**BRIEF:**
Please give back exactly the line with "# 初始化 Anaconda(星号表示当前所处的虚拟环境)" and each line after it through the end of the material, leaving out the pictures.

**DATA BELOW:**
..........

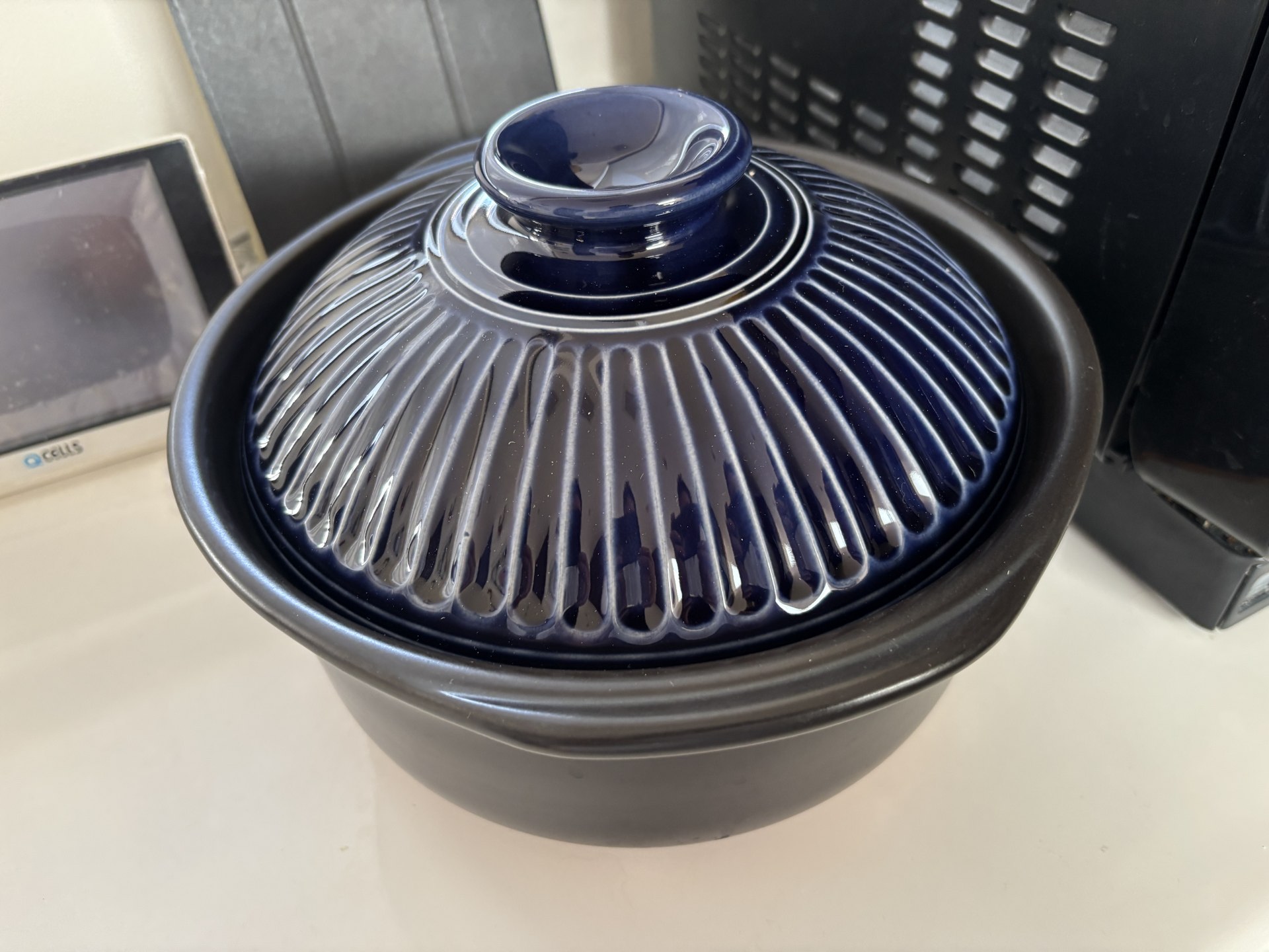 [写真:二男が先日落として割った、愛用の炊飯土鍋の蓋が届いた。瑠璃色にしてみた。
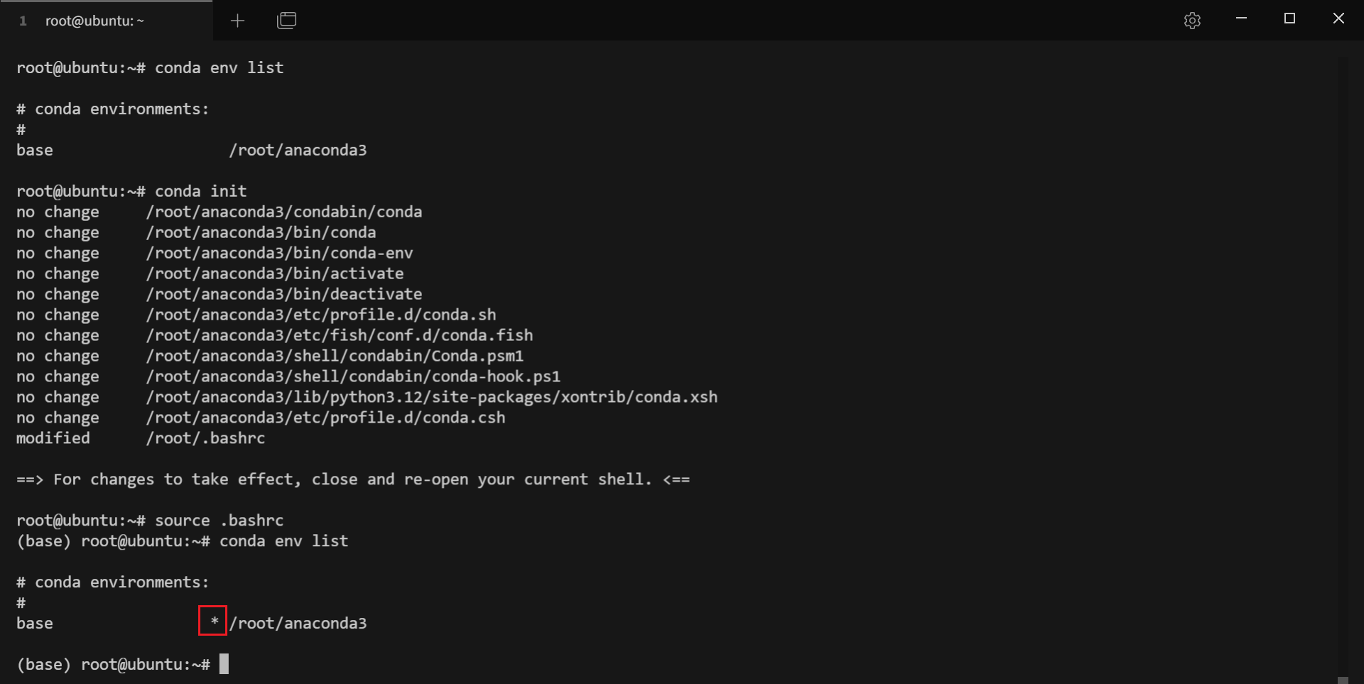 # 初始化 Anaconda(星号表示当前所处的虚拟环境)
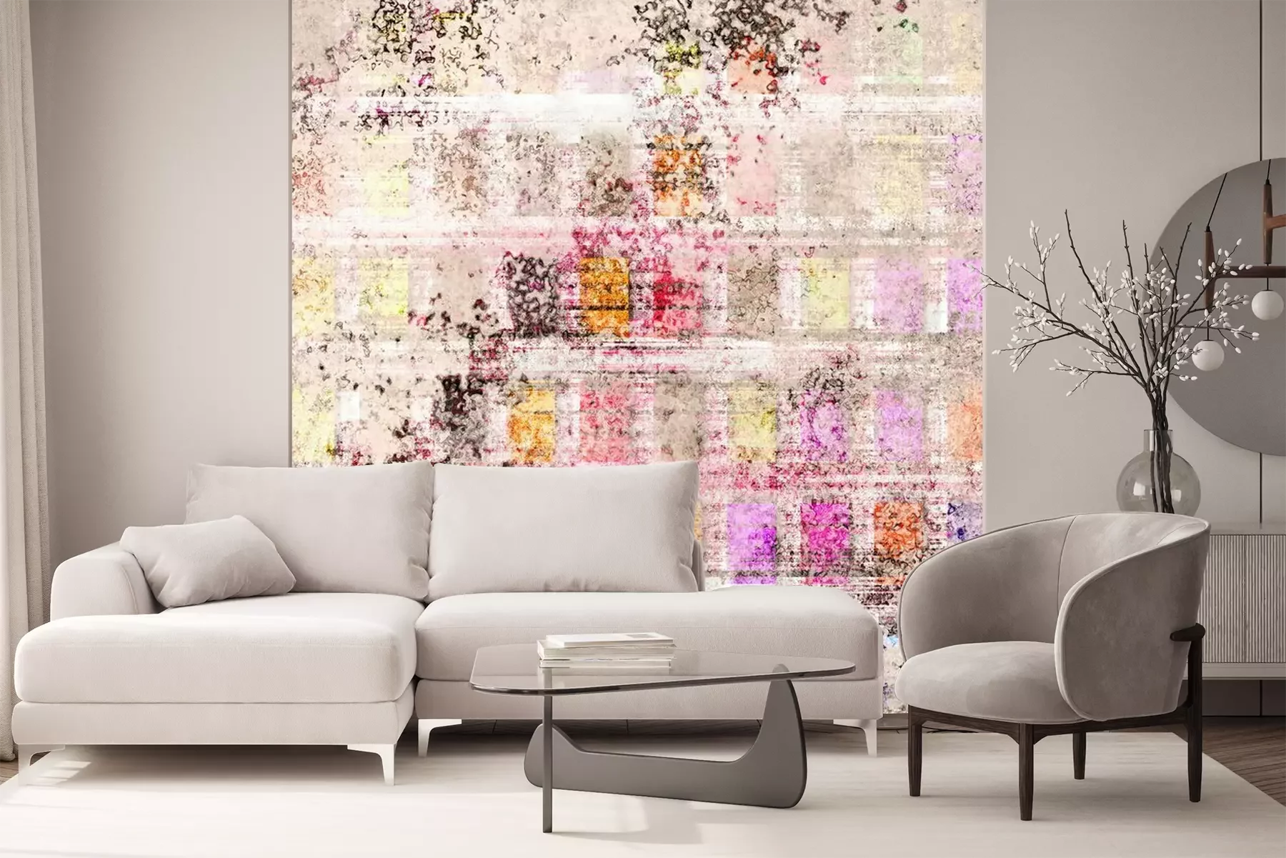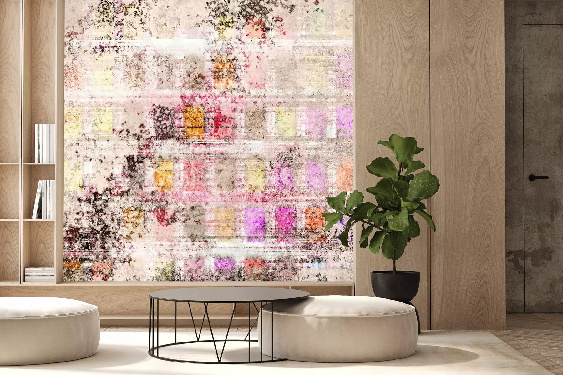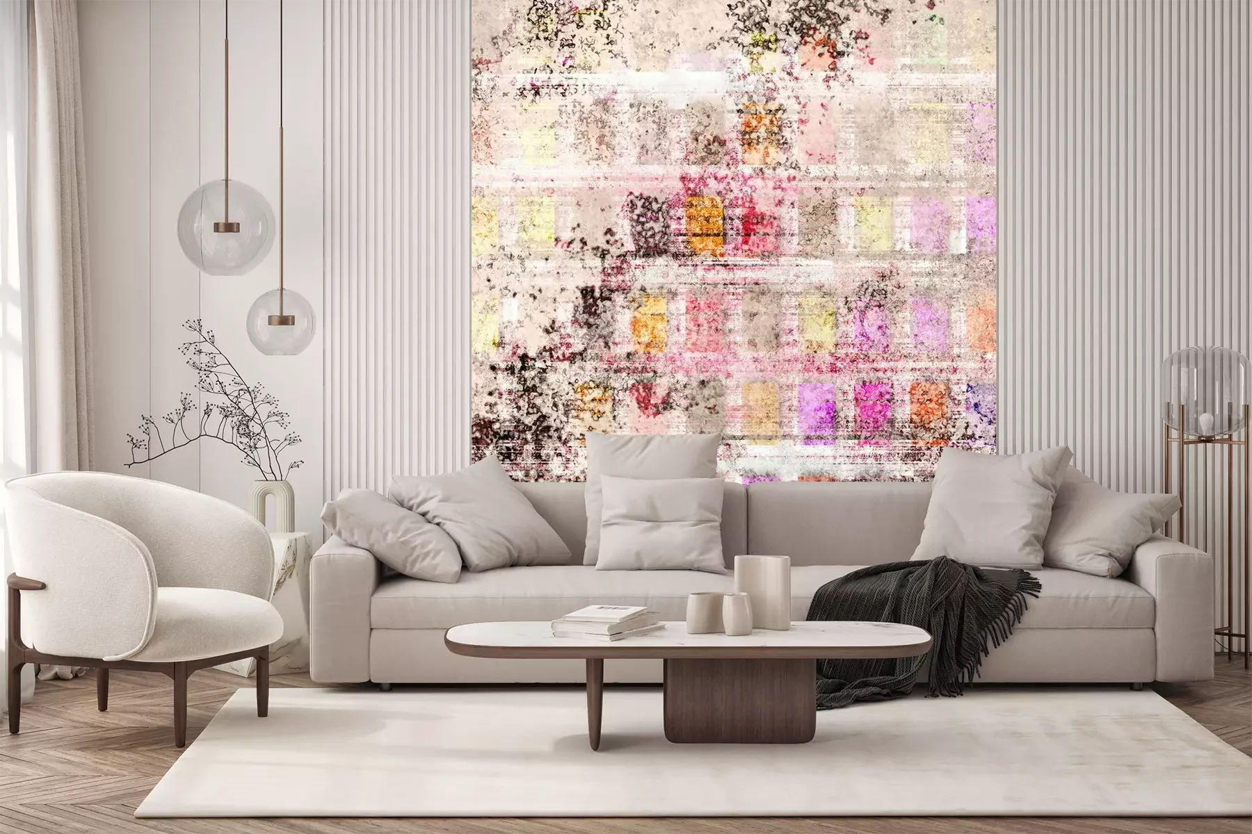 Het materiaal Premium+ is een gestructureerd vinyl op vlies met een gewicht van 255 g/m², dat kleine oneffenheden in de muur effectief camoufleert. De subtiele structuur van fijn zand geeft het oppervlak een exclusieve uitstraling, terwijl de halfmatte afwerking de diepte van de kleuren benadrukt. Het materiaal is dampdoorlatend, waardoor het ook in de keuken en badkamer kan worden gebruikt. De maximale breedte van één baan bedraagt 100 cm – bij grotere afmetingen wordt het fotobehang in meerdere gelijke banen verdeeld. De lijm wordt direct op de muur aangebracht en het behang wordt rand-aan-rand geplakt, wat zorgt voor een esthetisch resultaat zonder zichtbare naden. Het oppervlak kan gemakkelijk worden schoongemaakt door het voorzichtig af te nemen met een vochtige doek.
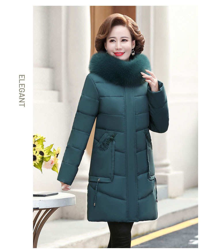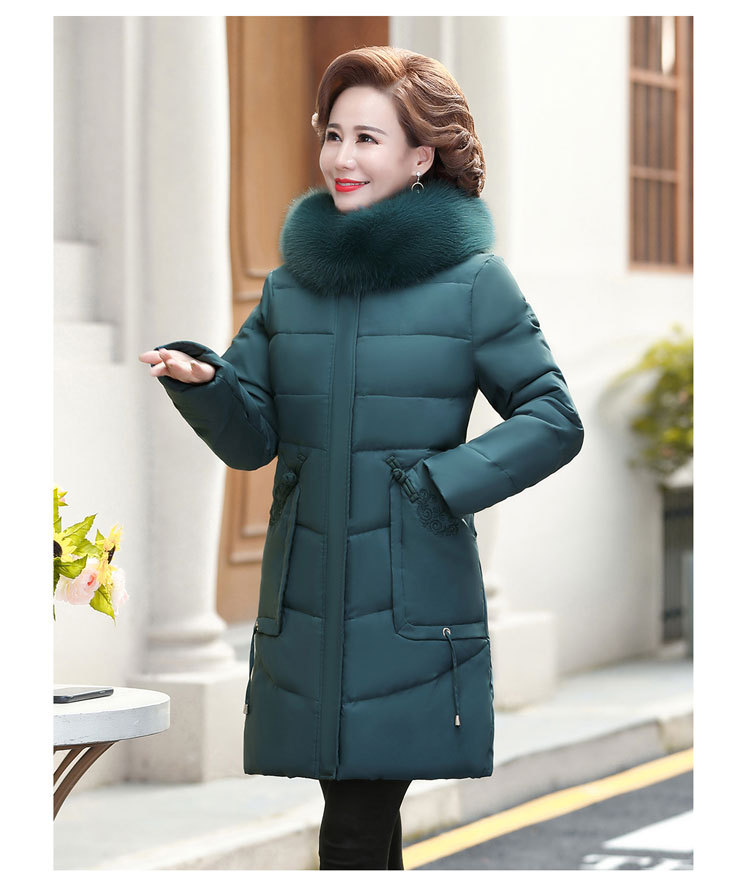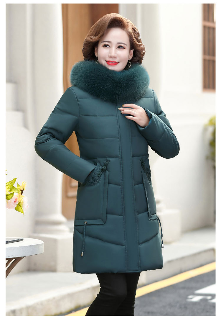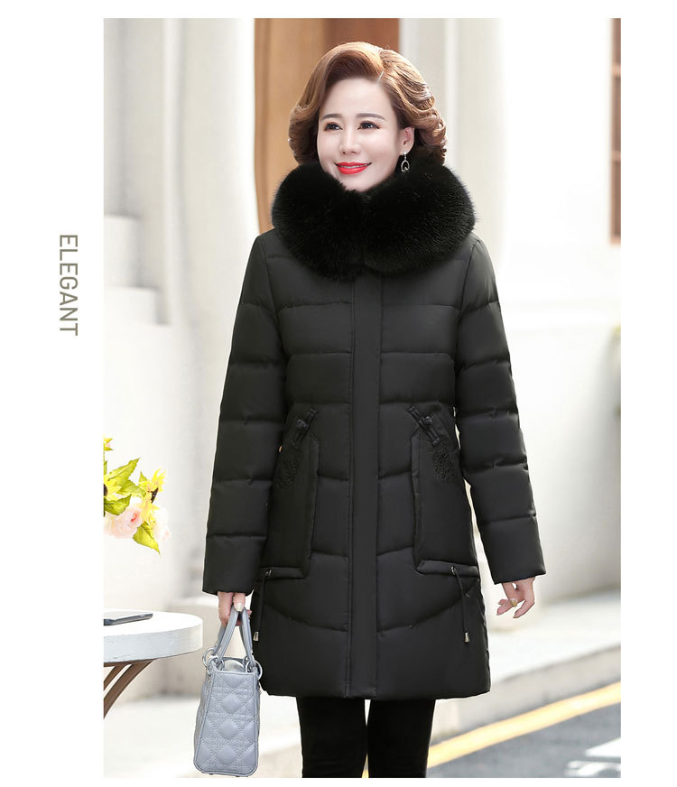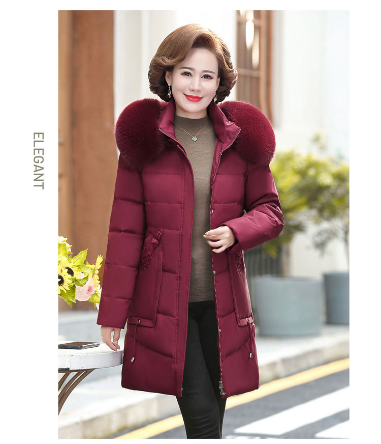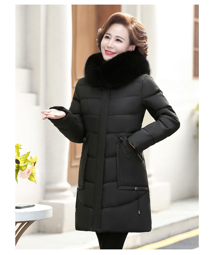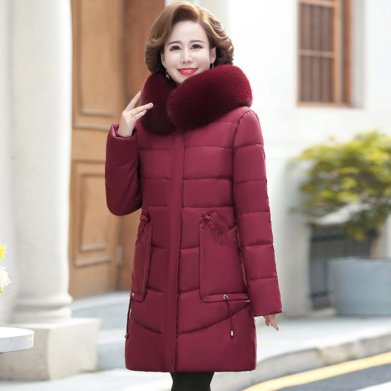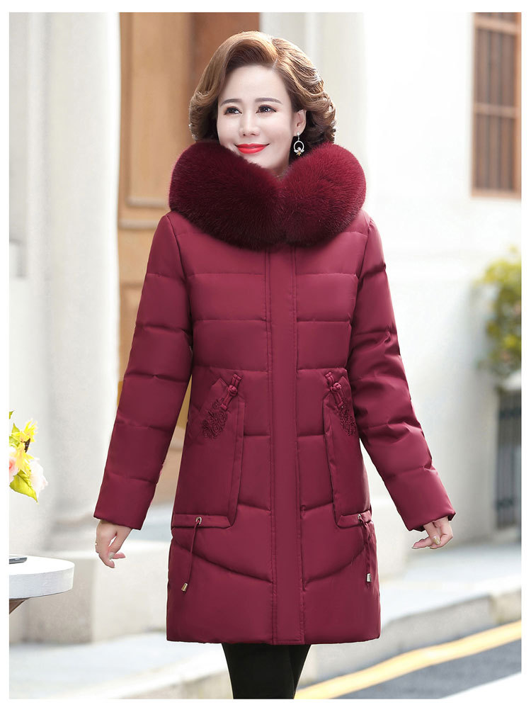 정품 하이 엔드 브랜드 겨울 중년 어머니 여성 중년 다운 재킷 따뜻한 올 매치 울 칼라 후드 재킷

..........

**RESPONSE TO THIS TASK:**
 # 初始化 Anaconda(星号表示当前所处的虚拟环境)
 Het materiaal Premium+ is een gestructureerd vinyl op vlies met een gewicht van 255 g/m², dat kleine oneffenheden in de muur effectief camoufleert. De subtiele structuur van fijn zand geeft het oppervlak een exclusieve uitstraling, terwijl de halfmatte afwerking de diepte van de kleuren benadrukt. Het materiaal is dampdoorlatend, waardoor het ook in de keuken en badkamer kan worden gebruikt. De maximale breedte van één baan bedraagt 100 cm – bij grotere afmetingen wordt het fotobehang in meerdere gelijke banen verdeeld. De lijm wordt direct op de muur aangebracht en het behang wordt rand-aan-rand geplakt, wat zorgt voor een esthetisch resultaat zonder zichtbare naden. Het oppervlak kan gemakkelijk worden schoongemaakt door het voorzichtig af te nemen met een vochtige doek.
 정품 하이 엔드 브랜드 겨울 중년 어머니 여성 중년 다운 재킷 따뜻한 올 매치 울 칼라 후드 재킷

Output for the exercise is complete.